What are CAD/CAM Drawings and Design?  What is Reverse Engineering exactly?

The term CAD/CAM is a shortening of Computer-Aided Design (CAD) and Computer-Aided
Manufacturing (CAM). The term CAD/NC (Numerical Control) is equivalent in some industries.

The process is used to design and manufacture products. The term CAD/CAM implies that an
engineer can use the system both for designing a product and for controlling manufacturing
processes. For example, once a design has been produced with the CAD component, the design
itself can control the machines that construct the part.

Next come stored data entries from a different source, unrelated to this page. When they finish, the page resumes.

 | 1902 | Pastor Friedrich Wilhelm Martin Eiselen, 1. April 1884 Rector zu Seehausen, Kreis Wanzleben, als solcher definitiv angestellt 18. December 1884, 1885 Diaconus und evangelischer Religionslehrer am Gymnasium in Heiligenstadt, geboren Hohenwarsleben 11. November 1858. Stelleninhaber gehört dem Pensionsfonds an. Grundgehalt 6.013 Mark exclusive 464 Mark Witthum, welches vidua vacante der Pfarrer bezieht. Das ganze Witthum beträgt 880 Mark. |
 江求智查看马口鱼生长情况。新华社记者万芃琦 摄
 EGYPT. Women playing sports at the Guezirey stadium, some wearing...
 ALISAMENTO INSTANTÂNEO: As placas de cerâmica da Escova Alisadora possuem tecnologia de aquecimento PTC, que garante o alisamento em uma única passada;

CAD/CAM software uses CAD drawing tools to describe geometries used by the CAM portion of the
program to define a toolpath that will direct the motion of a machine tool to machine the exact shape
that was drawn.

A CAD system is a combination of hardware and software that enables engineers and architects to
design everything from furniture to airplanes. In addition to the software, CAD systems require a
high-quality graphics monitor; a mouse, light pen, or digitizing tablet for drawing; and a special
printer or plotter for printing design specifications.

CAD systems allow an engineer to view a design from any angle with the push of a button and to
zoom in or out for close-ups and long-distance views. In addition, the computer keeps track of
design dependencies so that when the engineer changes one value, all other values that depend on
it are automatically changed accordingly.

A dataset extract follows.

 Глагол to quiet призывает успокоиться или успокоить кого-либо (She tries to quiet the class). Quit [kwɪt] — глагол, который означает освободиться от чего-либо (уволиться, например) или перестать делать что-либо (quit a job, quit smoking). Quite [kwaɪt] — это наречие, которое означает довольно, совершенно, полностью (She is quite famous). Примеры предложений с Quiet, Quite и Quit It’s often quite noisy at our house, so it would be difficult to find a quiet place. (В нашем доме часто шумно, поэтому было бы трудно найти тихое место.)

Until the mid 1980s, all CAD systems were specially constructed computers. Now, you can buy CAD
software that runs on general-purpose workstations and personal computers.

Numerically-Controlled Machines

Well before the development of Computer-aided design, the manufacturing world adopted tools
controlled by numbers and letters to fill the need for manufacturing complex shapes in an accurate
and repeatable manner. During the 1950's these Numerically-Controlled machines used the existing
technology of paper tapes with regularly spaced holes punched in them (think of the paper roll that
makes an old-fashioned player piano work, but only one inch wide) to feed numbers into controller
machines that were wired to the motors positioning the work on machine tools. The
electro-mechanical nature of the controllers allowed digital technologies to be easily incorporated
as they were developed.

By the late 1960's Numerically-Controlled machining centers were commercially available,
incorporating a variety of machining processes and automatic tool changing. Such tools were
capable of doing work on multiple surfaces of a workpiece, moving the workpiece to positions
programmed in advance and using a variety of tools - all automatically. What is more, the same
work could be done over and over again with extraordinary precision and very little additional human
input. NC tools immediately raised automation of manufacturing to a new level once feedback loops
were incorporated (the tool tells the computer where it is, while the computer tells it where it should
be).

What finally made NC technology enormously successful was the development of the universal NC
programming language called APT (Automatically Programmed Tools). Announced at MIT in 1962,
APT allowed programmers to develop postprocessors specific to each type of NC tool so that the
output from the APT program could be shared among different parties with different manufacturing
capabilities.

CAD & CAM Together at Last

The development of Computer-aided design had little effect on CNC initially due to the different
capabilities and file formats used by drawing and machining programs. However, as CAD
applications such as SolidWorks and AutoCad incorporate CAM intelligence, and as CAM
applications such as MasterCam adopt sophisticated CAD tools, both designers and manufacturers
are now enjoying an increasing variety of capable CAD/CAM software. Most CAD/CAM software was
developed for product development and the design and manufacturing of components and molds,
but they are being used by architects with greater frequency.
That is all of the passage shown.